Convention Visitors, Here's The True Impact Of Progressive Government On Illinois And Chicago
Led by Gov. JB Pritzker in national TV appearances, the political establishment in Illinois and Chicago is listing its triumphs as the Democratic National Convention in Chicago nears. Mayor Brandon Johnson, too, is “looking to spread his vision for progressive governance on everything from raising wages for workers in Chicago to achieving a ceasefire in Gaza,” as The Nation recently put it.
Through a progressive’s lens, successes are real: a higher minimum wage, establishment of the state as an abortion haven, a major capital budget, aggressive green energy mandates, welcoming and sanctuary policies for migrants and more. We publish those claims as they are made. Illinois may indeed be “the most progressive state in the nation and damn proud of it,” as Gov. Pritzker says.
But there’s another side to the story, thousands of pages long, of severely crippling results of progressive policies.
What follows is a summary of the other consequences of progressive policies for Illinois and Chicago. Each point is documented by facts and data.
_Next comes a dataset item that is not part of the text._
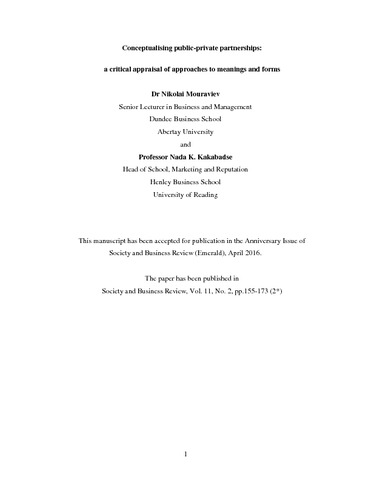 Conceptualising public-private partnerships: a critical appraisal of approaches to meanings and forms.

Links are to original sources or to Wirepoints reports that cite the original sources.
Fleeing population and tax base
Stagnant economy and job market
Expensive and broken education system
Rampant crime
Suffocating taxes
Pension crisis ignored
Massive spending on illegal immigrants
No equity – a failure by their own standards
Economic policy centered on statism and doomed focus on renewable energy
Free speech under assault and autocracy reigns
Disastrous pandemic management yet no accountability
Still more
For still more details, see our page linked here collecting all our pertinent articles and research grouped by topic.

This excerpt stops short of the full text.